Somewhere between the third "unprecedented" news cycle of the week and the fourth doomscroll of the morning, I started noticing how much energy I was spending being upset about things I could not personally fix. The country was getting louder. The conversation was getting dumber. Important people kept saying important things on the internet and nothing seemed to actually move.

Meanwhile I was drinking gas-station coffee out of a paper cup with a lid that didn't fit, and I thought: well, here's a thing I can fix.

End of Times Coffee started in a converted garage two miles inland from the harbor. One drum roaster, a stack of green beans from people I'd met and trusted, and a brewing setup my grandfather would have called "fussy." We roast in five-pound batches because that's what the machine holds and because anything bigger stops being attention and starts being manufacturing.

The name is a joke. Mostly. It's also true that the world feels strange right now in a way it didn't used to, and pretending otherwise seems worse than acknowledging it with a wink. Naming the thing is the first step. Then you make a cup of coffee about it.

The world has always been ending.
We just have better notifications now.

I am suspicious of brands that take themselves too seriously. I am also suspicious of brands that take nothing seriously, because that usually means they don't take you seriously.
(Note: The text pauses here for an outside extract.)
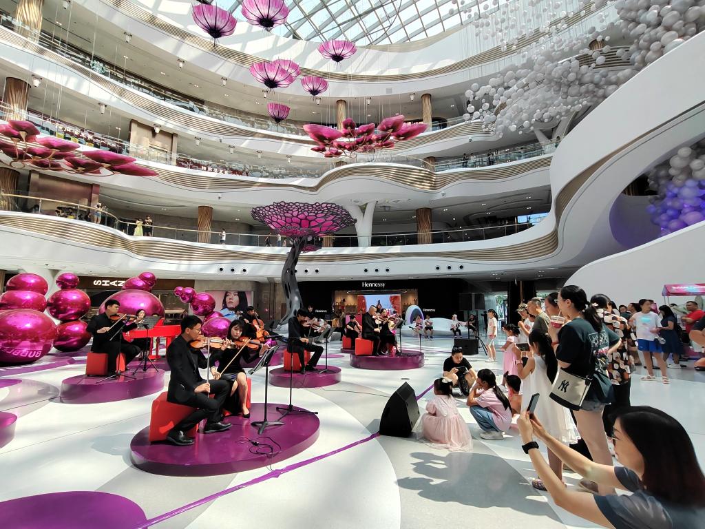 端午假期,海口國際免稅城內(nèi),伴隨著悠揚(yáng)的音樂,陽光傾瀉“天際秘林”夢幻舞臺,正在購物的游客們紛紛駐足欣賞?!耙粓鍪覂?nèi)音樂會,給購物消費(fèi)增添了新意和氛圍感?!焙?谑忻耜惱俪两陉柟夂鸵魳分?。

We try to do both. The label has a skeleton on it. The bean came from a farm we know the name of. Both of those things are true at the same time and that's basically the whole pitch.

Direct trade. Roasted by hand. Shipped within seventy-two hours of roasting, in bags that say what they are. No subscription you can't cancel. No autoplay video on the homepage. No fine print. If you don't love it, we'll make it right — not because of a policy, but because that's how my dad sold lobster traps for forty years and I haven't found a better model.

Order a bag. Make a cup. The headlines will still be there. At least now there's coffee.

— The Founder
Somewhere on the coast of Maine
What We Do

Three Things, Slowly.

i.

Roast Small

Five-pound batches in a converted garage. Every roast is tasted before it ships. Nothing automated.

ii.

Source Direct

We know our growers by name. We pay above market. The bean came from a farm, not a commodity index.

iii.

Ship Fresh

Roast date stamped on every bag. In your hands within seventy-two hours. Freshness measured in panic.

That's the Whole Story.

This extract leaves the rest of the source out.